Friday, May 25, 2007

Volunteer Spotlight: Merveilleuse Micheline

The National Weather Service has issued a gush alert, effective during the time this blog is being written. High winds of excessive admiration may cause considerable damage to the prose style of this post. Readers are advised to take shelter until the blogger's emotions come under control.

If you're in the mood for a little international experience but your passport has expired, drop by the circulation desk on Thursday afternoons. There you'll swear you've somehow stumbled into the lilt and color of the Champs Elysées, but really, you've just entered the aura of Micheline Lyons.

We at the library are smitten with Micheline. She's smart, chic, and insightful. She's incredibly well read. She leads the Women's International Club in the Community Room, a gathering of bright ladies discussing issues in fine French. When Micheline comes on Thursdays we gather around her like a flock of admiring daughters. We revel in her wit, her warmth, her casual elegance, her joyous energy.

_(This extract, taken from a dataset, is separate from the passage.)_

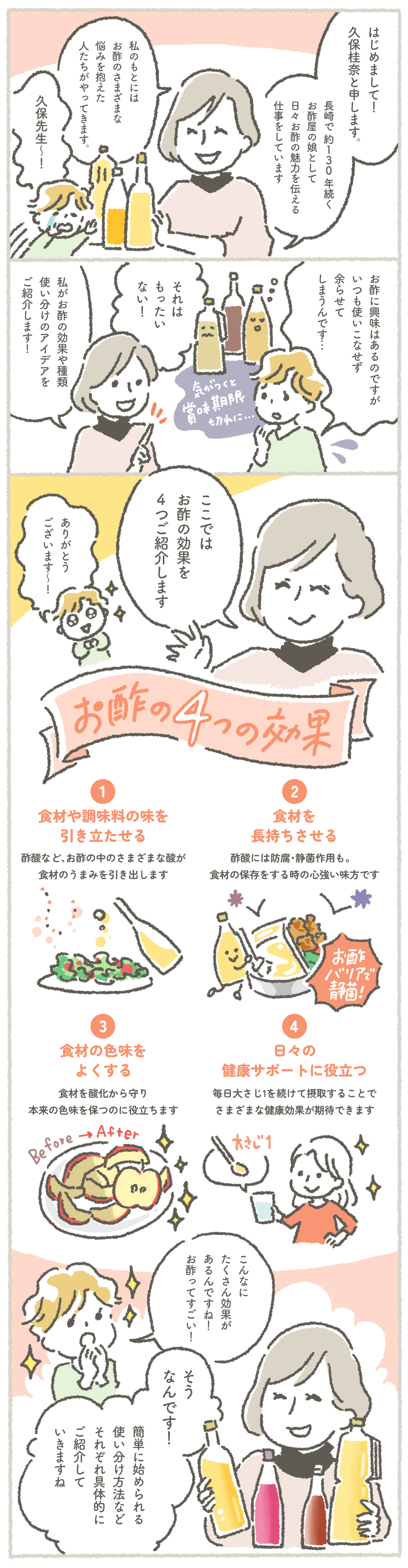 多くの家庭に常備されるお酢ですが「酢の物以外にどう使うの?」「お酢の種類がよくわからない」と悩む人も多いのではないでしょうか。実は手軽に使えて、ヘルシーな食生活に役立つ便利なアイテムなんです。今回は、お酢生活研究家の久保桂奈さんに、お酢の簡単な使い方を教えてもらいました。

Micheline is passionately involved in the turning fortunes of the world, and the quest for greater international understanding comes naturally to her. A Jewish Parisian whose family fled Hitler's forces during the second World War, Micheline came to the U.S. on the last non-military ship to cross the Atlantic and settled in New York City. She graduated from Mount Holyoke College in a year and a half, then returned to France after the end of the war.

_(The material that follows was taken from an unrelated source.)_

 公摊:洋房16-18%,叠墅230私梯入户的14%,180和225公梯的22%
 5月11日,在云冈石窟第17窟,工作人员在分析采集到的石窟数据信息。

Back in Europe, Micheline worked in Geneva for the World Health Organization of the United Nations as a public information officer, covering meetings, writing press releases and feature stories. One night she attended a cabaret and noticed a handsome young actor ("He was in drag, and I noticed that he had the most beautiful legs!") named Gene Lyons. He wrote and performed witty satires on the local scene. Micheline and Gene married and had their three children in Geneva, continuing to work for the UN, until Gene was posted to the New York headquarters.

Eventually Gene decided to finish his doctorate, and the family headed to Hanover. Gene found a career at Dartmouth as professor, chair and dean, and Micheline co-founded the French program at Marion Cross School, and eventually taught at all levels, including French language, literature, and culture at Dartmouth. She was the executive director of the Rassias Foundation for Language and Culture. Through her work and Gene's, Micheline made friends of many of Dartmouth's famous visitors, and in her continuing search for greater understanding, she continues to read widely in world literature.

Micheline is yet another reason to treasure the connection to this community of readers. She's our one-woman City of Light.